Несколько невпопад я ответил:
— Это мило и прелестно. Аккорды уюта.
Меня мучила боязнь, что я не смогу без конца обмениваться мыслями на этом интеллектуальном уровне. Выручил меня сам хозяин, обратившись к Алисе:
— Нельзя ли еще чашечку, мамуленька?
Хуплер вдумчиво осушал вторую чашку чаю, а Алиса заметила, что нужно разрезать торт.
— Труднее всего вырезать первый кусочек, — сказала она мне так непринужденно, как будто я был ее подругой-соседкой. — Потом уже идет легко.
— Первый лед… — сказал Хуплер и временно замолк, явно не находя под рукой дальнейших афоризмов. Прочие члены семьи до сих пор помалкивали. Теперь, пользуясь мгновением затишья, заговорил мальчуган:
— Моя модель пролетела сегодня, наверно, целых сто ярдов!
— Он строит модели, — объяснила Алиса. — Тратит на это все свободные часы и все свои карманные деньги.
— Новый Икар, — сказал Хуплер, глуповато улыбнувшись. — А я, стало быть, Дедал. Икару папенька Дедал всю жизнь надоедал!
Я воспринял эту попытку сострить с ледяным спокойствием.
— Orcus in saluto, — произнес я чрезвычайно веско и этими простыми словами надолго заткнул Хуплеру рот.
Гениальная вспышка вдохновения! Это прозвучало как латынь, как ученейшая цитата, это прозвучало как нечто, что высококультурному мистеру Джорджу Хуплеру следовало бы знать наизусть. Хуплер слегка покраснел и, как школьник, захваченный врасплох неожиданным вопросом, уставился в потолок, пытаясь припомнить какое-то толкование, что ли… Потом его глаза, увеличенные линзами очков, обратились ко мне, и он подозрительно стал ко мне присматриваться. Неужели я невежа? Неужели я ошибся в цитате? Или, может быть, я позволил себе подшутить над ним?
Я старательно избегал его взгляда. Во время этого обмена словами я смотрел на Летицию, на ее красивое, но подавленное и покорное личико; ведь в душе я твердо решил, что вырву ее из этой оглупляющей обстановки, прежде чем будет слишком поздно. По правде сказать, если бы даже речь шла о ней, мы могли бы говорить все, что нам в голову взбрело; у нее выработалась уже привычка не слушать, что говорят за столом.

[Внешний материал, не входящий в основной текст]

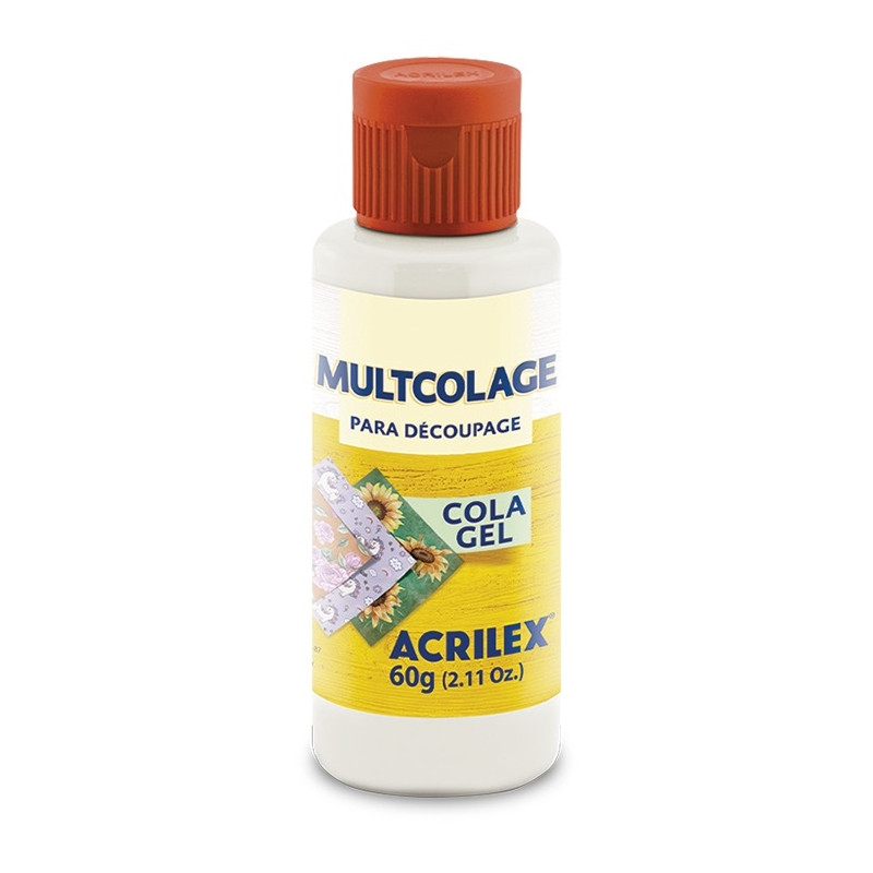 Acrilex - Cola gel para trabalhos de découpagem sobre madeira, cerâmica, gesso, tela, isopor e cortiça. Embalagem de 60gr
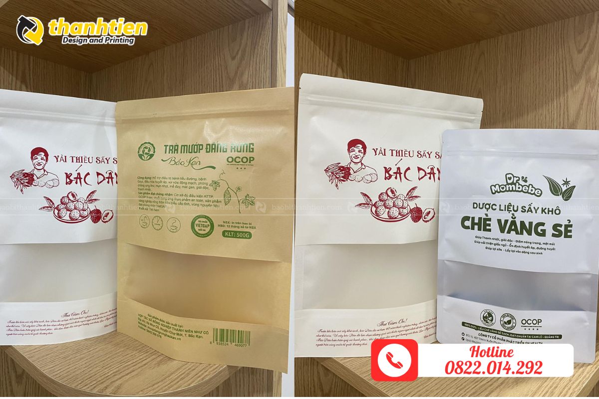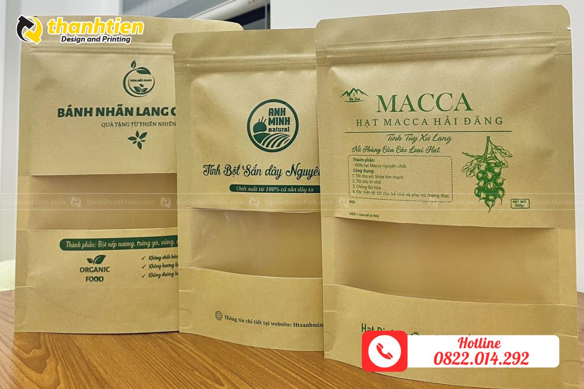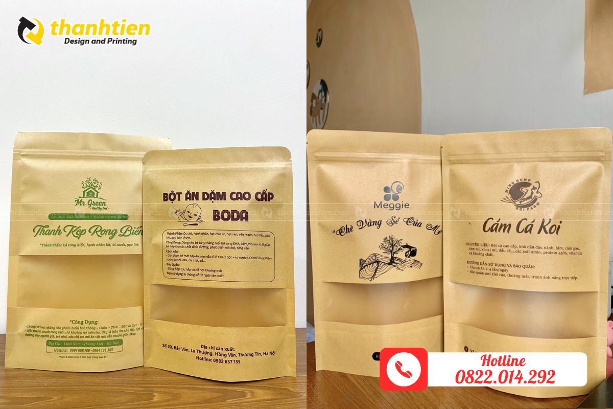 Túi zipper giấy kraft không chỉ là bao bì mà còn là công cụ quảng bá thương hiệu hiệu quả. Dưới đây là một số mẫu túi nổi bật tại Bao Bì Thành Tiến:
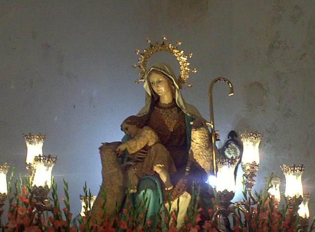 con la ovejas y el niño llevando el brazos,
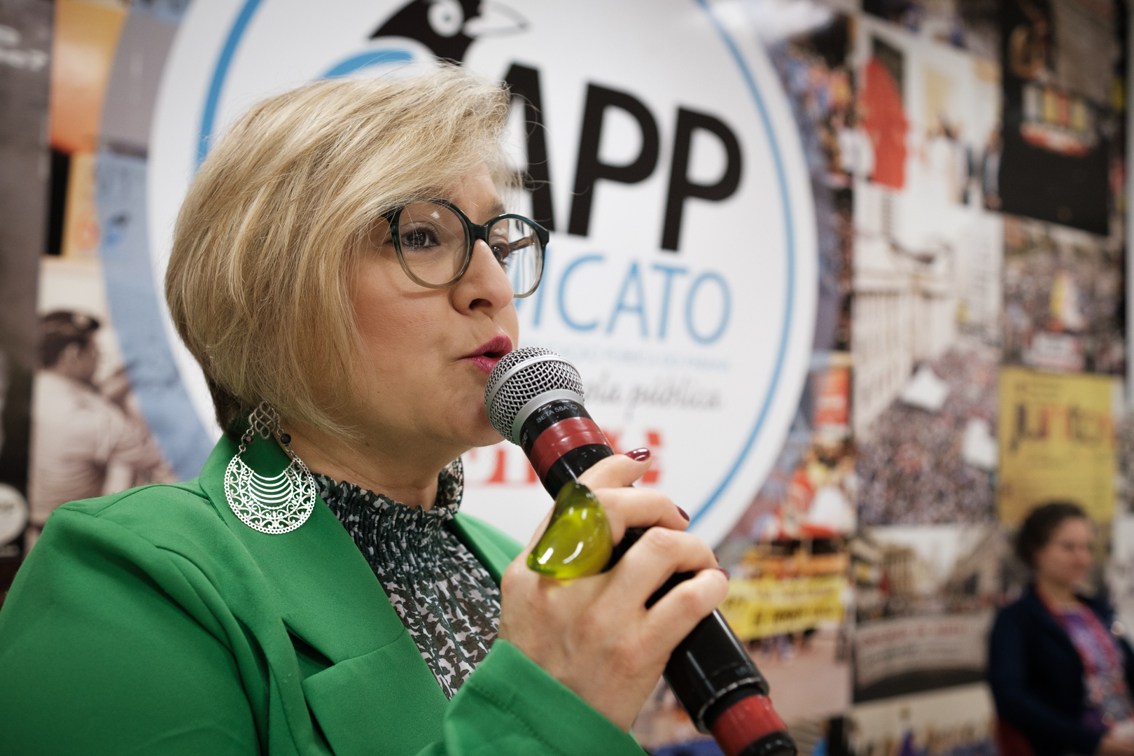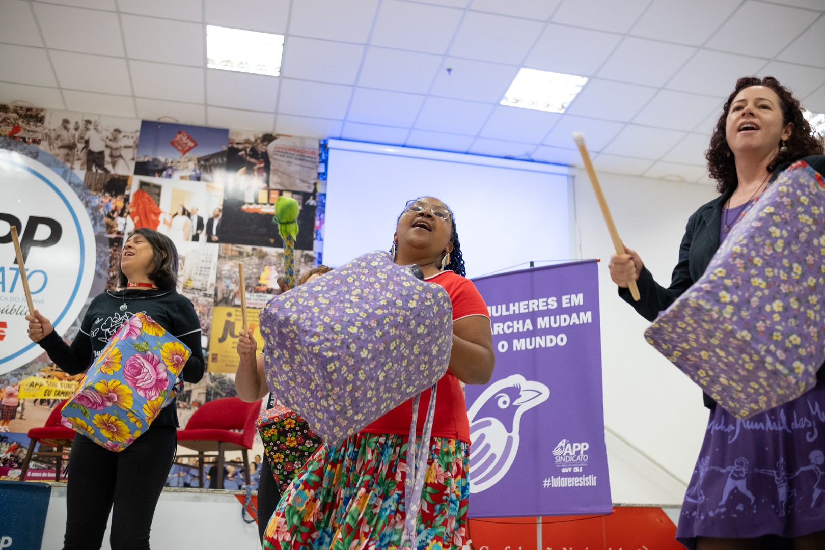 O dia começou com uma intervenção cultural da Marcha Mundial das Mulheres (MMM), com batucada e apresentação do histórico do movimento pela voz da secretária da Mulher Trabalhadora da APP-Sindicato, Taís Adams.
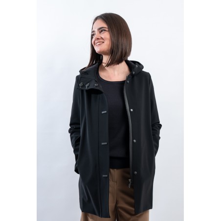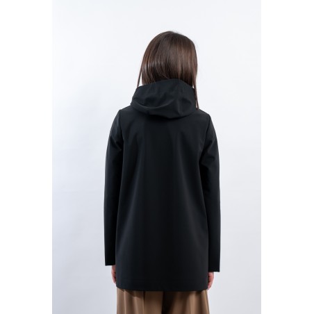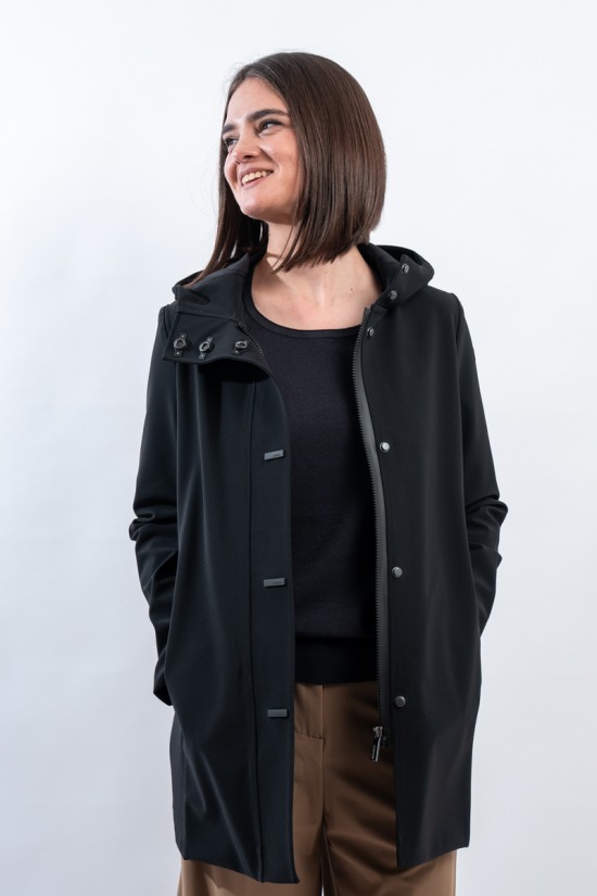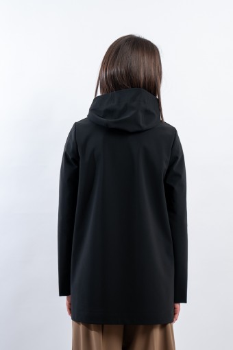 - Fixed hood and high collar
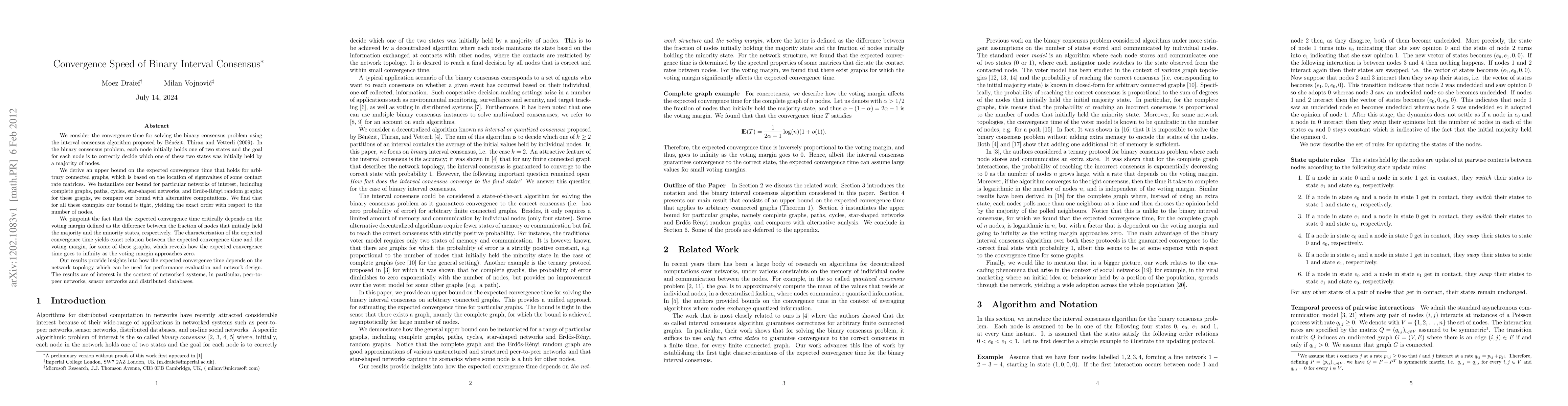 We consider the convergence time for solving the binary consensus problem using the interval consensus algorithm proposed by B\' en\' ezit, Thiran and Vetterli (2009). In the binary consensus problem, each node initially holds one of two states and the goal for each node is to correctly decide which one of these two states was initially held by a majority of nodes. We derive an upper bound on the expected convergence time that holds for arbitrary connected graphs, which is based on the location of eigenvalues of some contact rate matrices. We instantiate our bound for particular networks of interest, including complete graphs, paths, cycles, star-shaped networks, and Erd\" os-R\' enyi random graphs; for these graphs, we compare our bound with alternative computations. We find that for all these examples our bound is tight, yielding the exact order with respect to the number of nodes. We pinpoint the fact that the expected convergence time critically depends on the voting margin defined as the difference between the fraction of nodes that initially held the majority and the minority states, respectively. The characterization of the expected convergence time yields exact relation between the expected convergence time and the voting margin, for some of these graphs, which reveals how the expected convergence time goes to infinity as the voting margin approaches zero. Our results provide insights into how the expected convergence time depends on the network topology which can be used for performance evaluation and network design. The results are of interest in the context of networked systems, in particular, peer-to-peer networks, sensor networks and distributed databases.
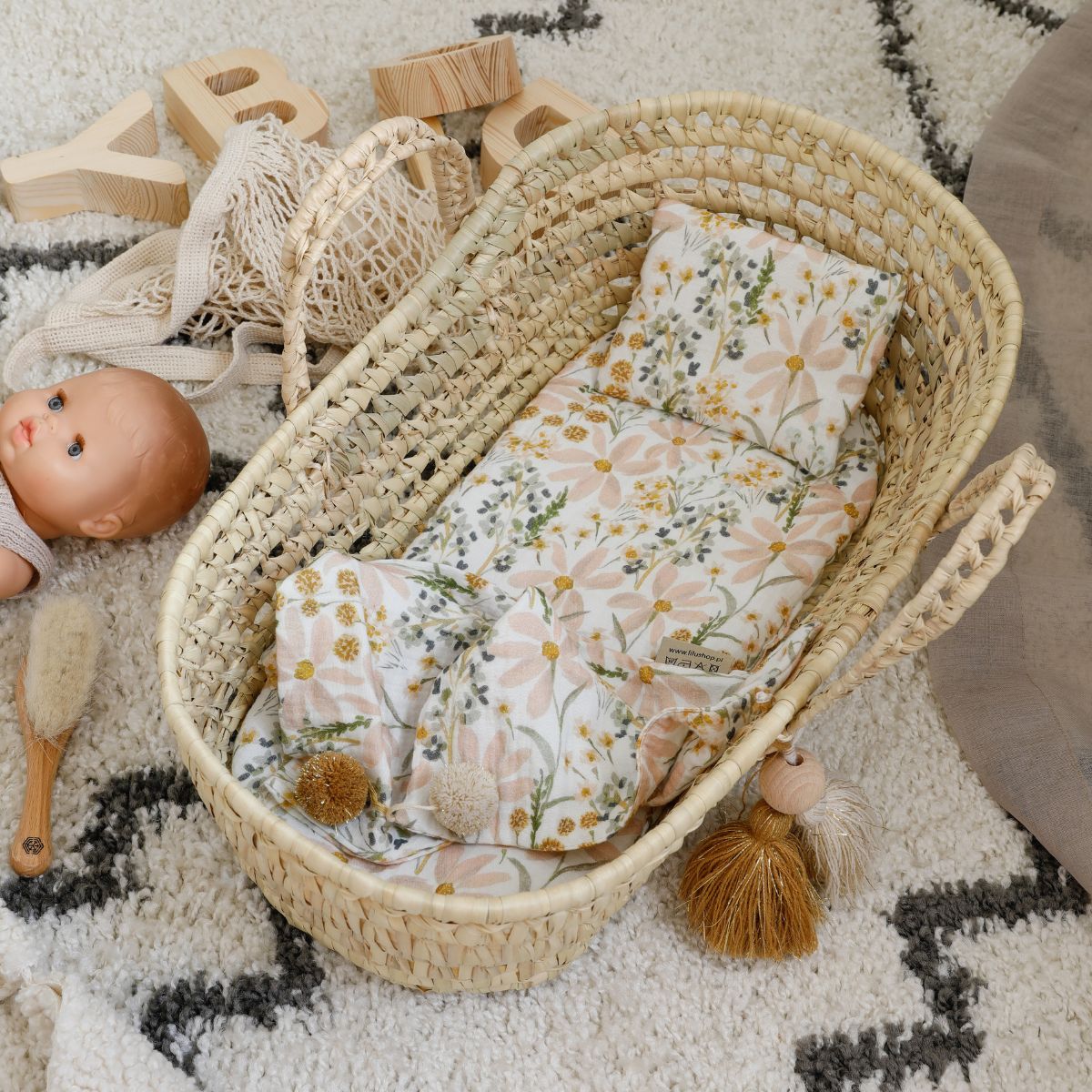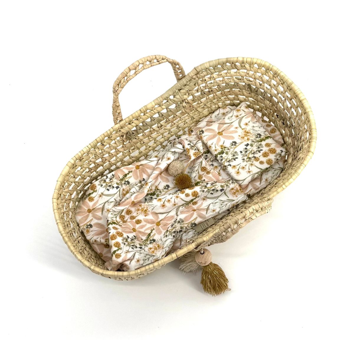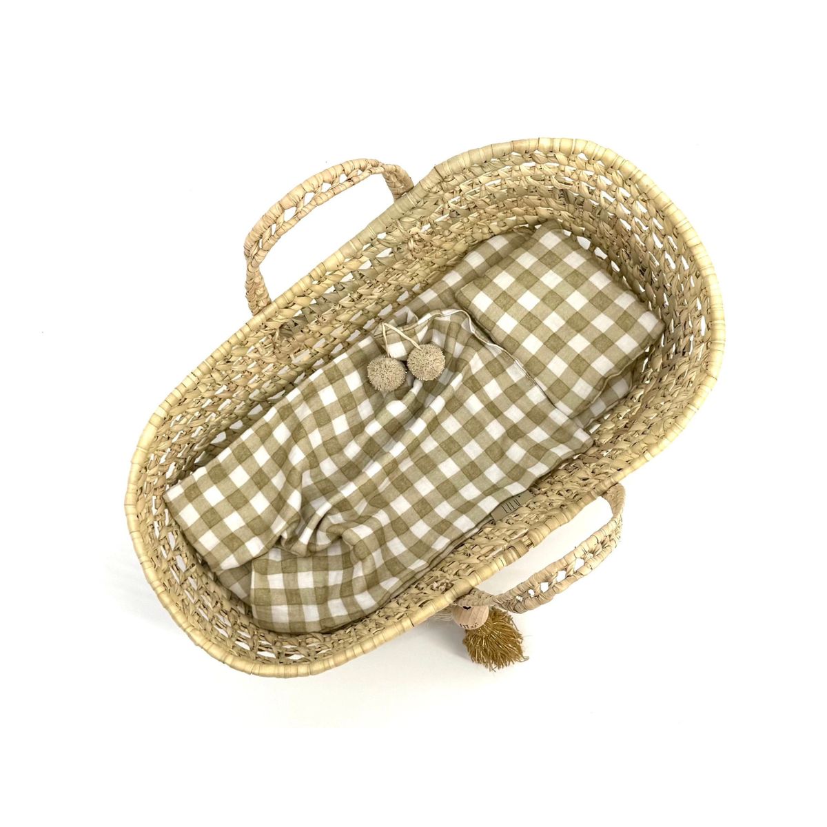 Kosz dla lalek Dream – ręcznie pleciony z liści palmy z zestawem muślinowej pościeli

Я раздумывал над тем, каковы, собственно, права крестного. Крестный, быть может, не имеет никаких прав, но, безусловно, никто не вправе запретить ему подбрасывать советы и планы. Итак, я спросил наконец Летицию, когда она поступит в колледж. Я сформулировал вопрос так, как будто дело было предрешено и только срок еще не установлен. Не дожидаясь ответа, я начал расхваливать прелести студенческого существования в женских колледжах в Бедфорде или в Халлоуэе. Любительский театр. Уроки живописи. Чудесные подружки. Болтовня. Игры. Лодочные прогулки. Танцы.
— Все это так, но … — отвечала на это Алиса.
— А почему бы Летиции и не поступить в такой колледж? — спросил я.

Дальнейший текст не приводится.